The previous claims can also be confirmed by Figure 6, showing peaks in overall electricity consumption at temperatures between 5.6 and 9 degrees Celsius in winter and at about 25.5 degrees Celsius in summer time. Since consumption is therefore affected by temperature, it follows that part of the electrical energy is used to regulate it.

As a result of all of the above, a summary diagram of the significance of the feature importance is obtained. As shown in Figure 7, it is obvious that in this specific database, the factor that most influences the consumption of electricity in the region is the hours of day.

3. Model Creation

The following procedure is the creation of a model using the XGBoost algorithm [13]. Specifically, the boosted tree algorithm was implemented, with a selected number of 5000 trees.

For training, all the data was used, except for the consumption of electrical energy, which was set as a target. Subsequently, the regression from XGBoost was deployed from the library and the model was executed.

As a result of the above processes, the algorithm generated a prediction for the missing values of the test months (September, October, November, and December) based on the existing truth data.

This prediction is visualized in Figure 8.

As can easily be observed, the prediction is highly correlated with actual consumption. In addition, one of the advantages of this pattern is that it is modular, so it allows the data to be examined in greater detail. This gives the ability for research to be carried out at shorter intervals, even days or hours. In this case, Figure 9 shows the analysis for the first seven days of September 2023.

The above figure illustrates in greater detail how the prediction follows actual consumption prices with considerable accuracy.

The results were subsequently evaluated using the Root Mean Square Error, with an evaluation metric of 42 R-squared. From this error, the best and worst predictions can be calculated, as shown in

Table 1. Relative errors.

Date	Relative Numerical Error
2023-10-24	14.945272
2023-10-26	15.245174
2023-10-22	16.324805
2023-09-10	16.603640
2023-09-09	18.191205
2023-10-10	18.387118
2023-10-13	18.539084
2023-09-16	18.745192
2023-10-09	19.379073
2023-09-15	19.586905

.

As shown in Table 1, the lowest error was 14.94%, recorded on 24th October, and the highest was 19.6%, recorded on 15th September.

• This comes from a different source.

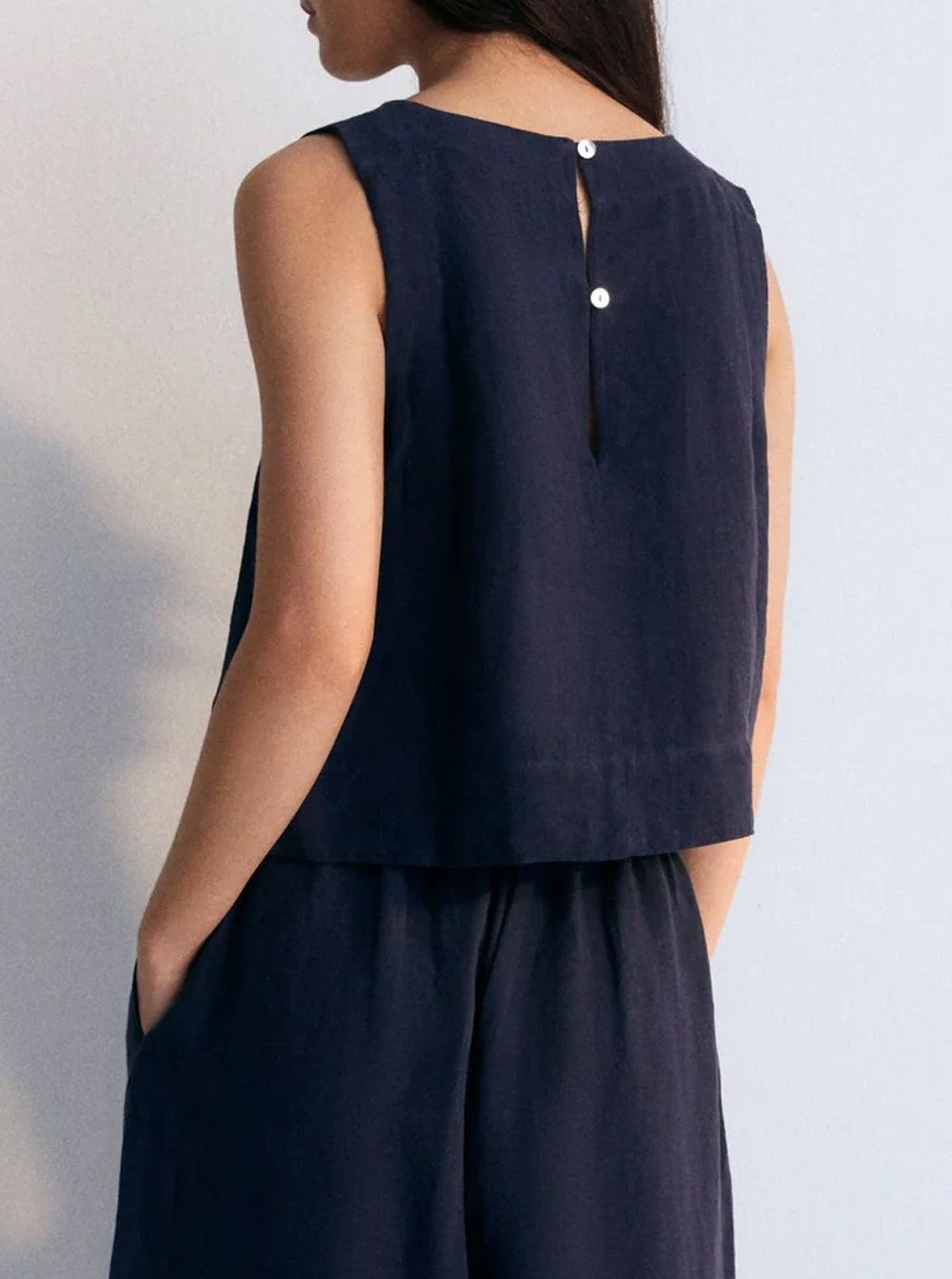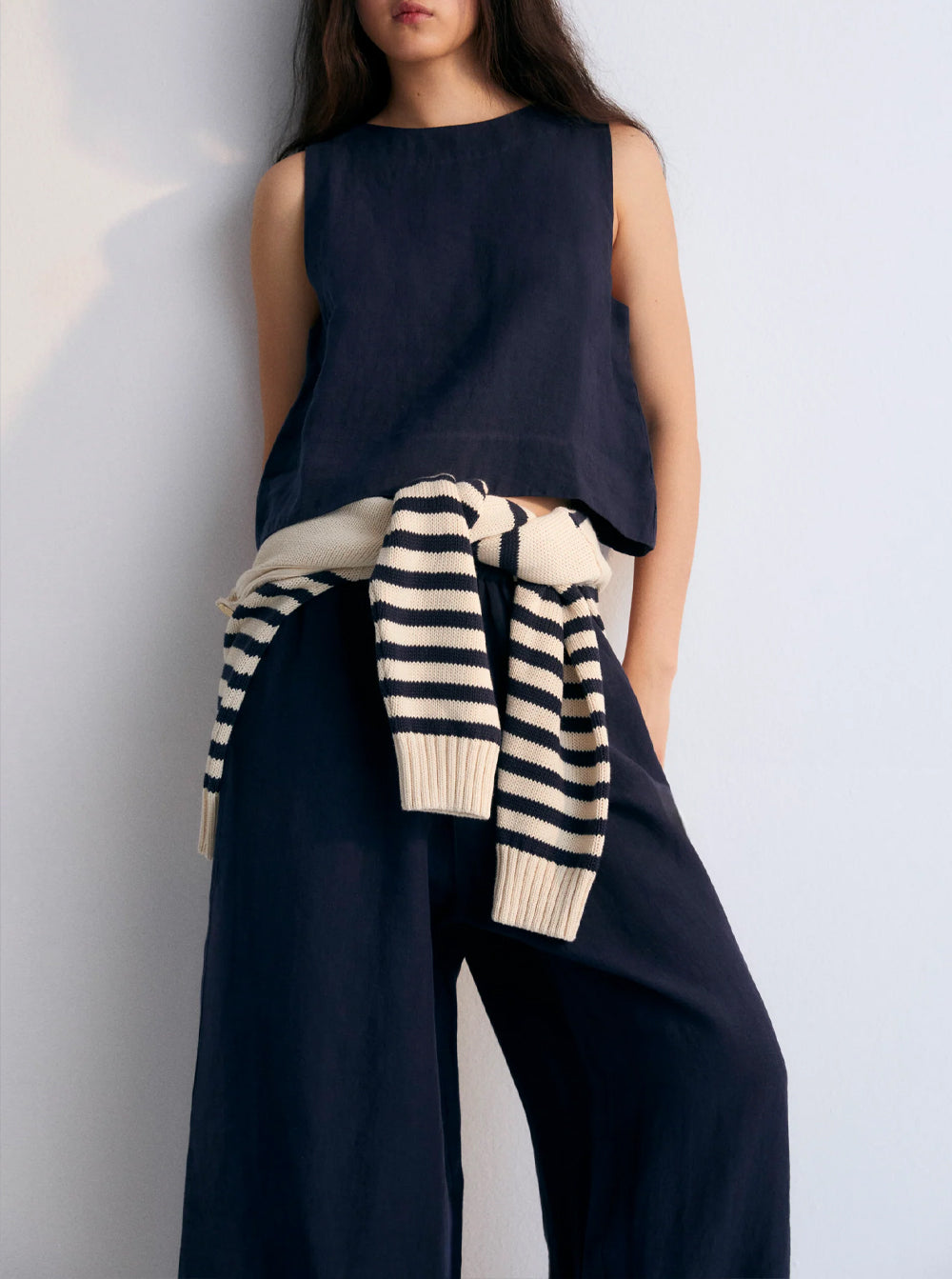 The Hera Woman Top is a minimalist and refined piece, designed to elevate your summer wardrobe. Crafted from 100% linen for a soft, breathable feel, it features wide straps and a flattering bottom cut, offering both comfort and elegance.

As a result of all the above procedures, Figure 10 is created. This is a record of the final prediction of electricity consumption for the whole year of 2024.

The average value of the predictions is 704. On the other hand, the actual average value of the year 2024, based on the real recorded electrical consumption data, is 697. The real, existing values for consumption in 2024 are presented separately in the graph in Figure 11.

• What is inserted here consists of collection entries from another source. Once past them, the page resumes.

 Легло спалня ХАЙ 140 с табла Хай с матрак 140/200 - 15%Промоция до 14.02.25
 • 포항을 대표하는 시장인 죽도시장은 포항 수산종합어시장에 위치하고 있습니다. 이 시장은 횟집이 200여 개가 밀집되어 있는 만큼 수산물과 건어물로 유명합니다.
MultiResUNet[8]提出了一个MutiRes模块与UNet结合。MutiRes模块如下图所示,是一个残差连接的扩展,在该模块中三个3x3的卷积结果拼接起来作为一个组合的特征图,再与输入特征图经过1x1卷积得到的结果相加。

As can be easily observed from the above two figures, there is an obvious similarity between the prediction (Figure 10) and the actual (Figure 11) consumption. That gives an estimated error of only 0.99%, which is relatively low and indicates that the developed machine learning algorithm has generated an output that can be considered reliable.

4. Conclusions

In this study, the XGBoost algorithm was employed to predict electricity consumption. The model was trained on real-world data, incorporating relevant features such as weather patterns, time-based factors, and environmental variables.

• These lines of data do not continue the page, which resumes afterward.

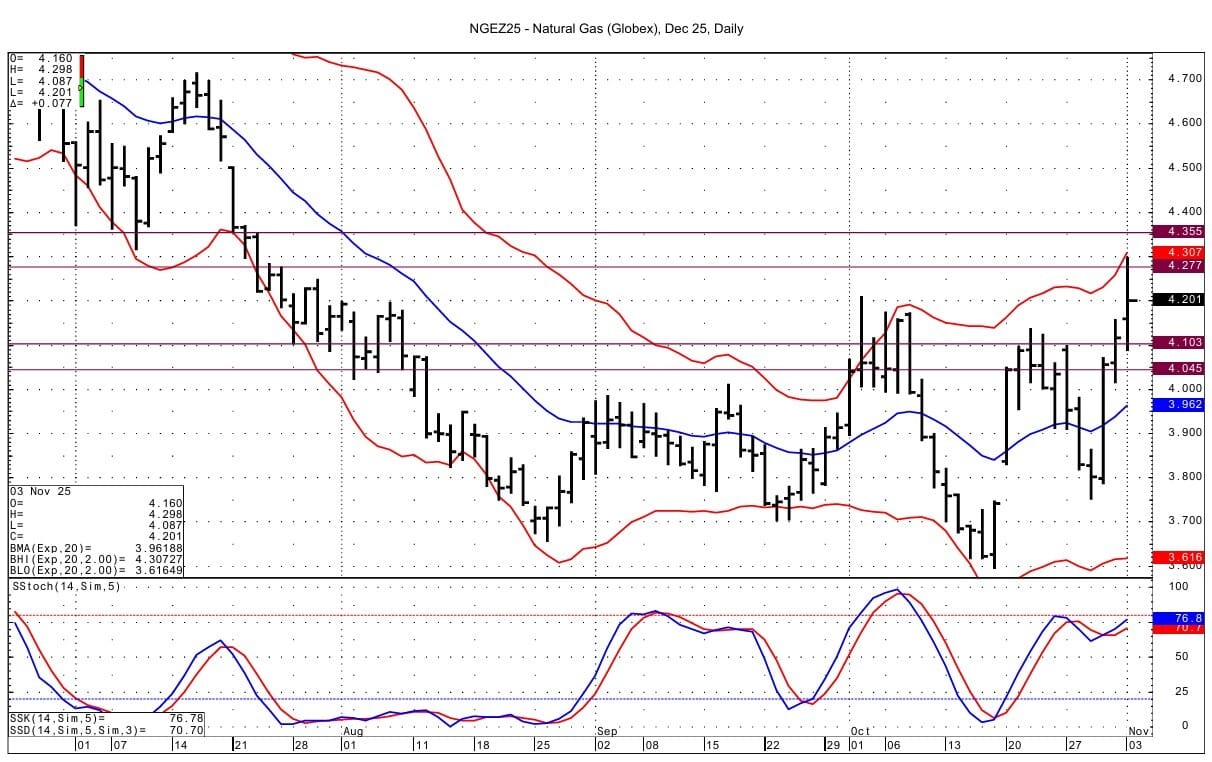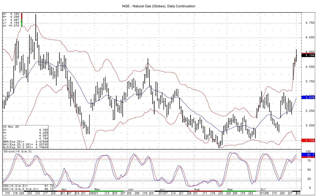The DC chart upper bollinger intersects at 4.208 .The weekly upper bollinger band intersects at 4.180. Momentum basis both the DC and Weekly charts is positive and not yet overbought, though looks like it will be so in a day or 2 on the DC chart. Resistance for the spot futures comes in at 4.277-4.284, which was tested with the overnight high of 4.298. Above that resistance lies at 4.355.Support is seen at 4.103-4.109 and then at 4.045-4.046. The overnight low is 4.087.
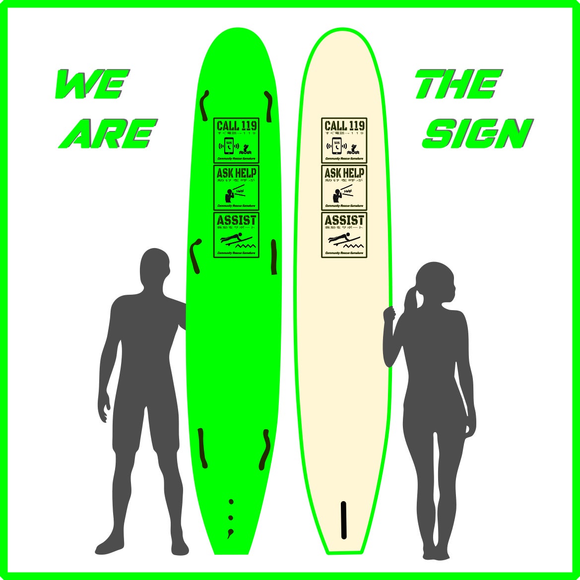 もし、水中でトラブルに陥った場合、周りで気づいた人たちが、すぐに通報し、最低限のサポートをする際にも、このボードを活かせるようになるのが理想です。ボードにプリントされたサインは、こういった緊急時の初動を、簡潔に表現しています。
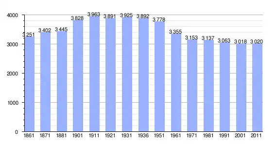 | Variação demográfica do município entre 1861 e 2011[3] |
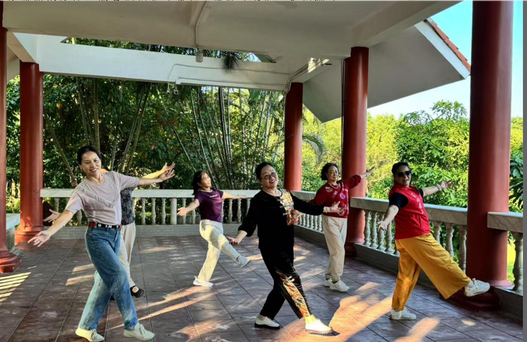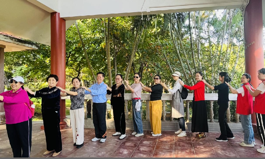下午 14 时 30 分,大家来到大屏嶂森林公园。大屏嶂森林公园植被茂密、空气清新,是亲近自然、放松身心的好去处。社工带领志愿者玩转 “桃花朵朵开”,欢声笑语此起彼伏;随后的放松互动,让彼此的暖意悄然传递。紧接着,志愿者团队即兴献上舞蹈,灵动舞姿点燃现场氛围,不仅舒缓了徒步疲惫,更将团队的活力与凝聚力展现得淋漓尽致。在公园的观景平台,大家停下脚步,远眺周边的美景,享受着大自然带来的宁静与惬意,疲惫的身心得到了充分的放松。

The findings indicate that XGBoost demonstrates promising potential in forecasting electricity consumption. The model achieved a relatively accurate prediction, with an RMSE of 42, and the percentage difference between the prediction and the actual average of electrical consumption was only 0.99%, suggesting its ability to capture complex patterns and relationships within the data.

However, further research and refinements are recommended to enhance the model’s predictive capabilities. This may involve exploring additional feature engineering techniques, optimizing hyperparameters, or incorporating more far-reaching external data sources to improve model robustness and accuracy.

Overall, the XGBoost model presents a valuable tool for stakeholders in the energy sector and beyond. As an outcome, accurate electricity consumption forecasting can aid in demand management, resource allocation, and grid stability, contributing to a more efficient and sustainable energy system.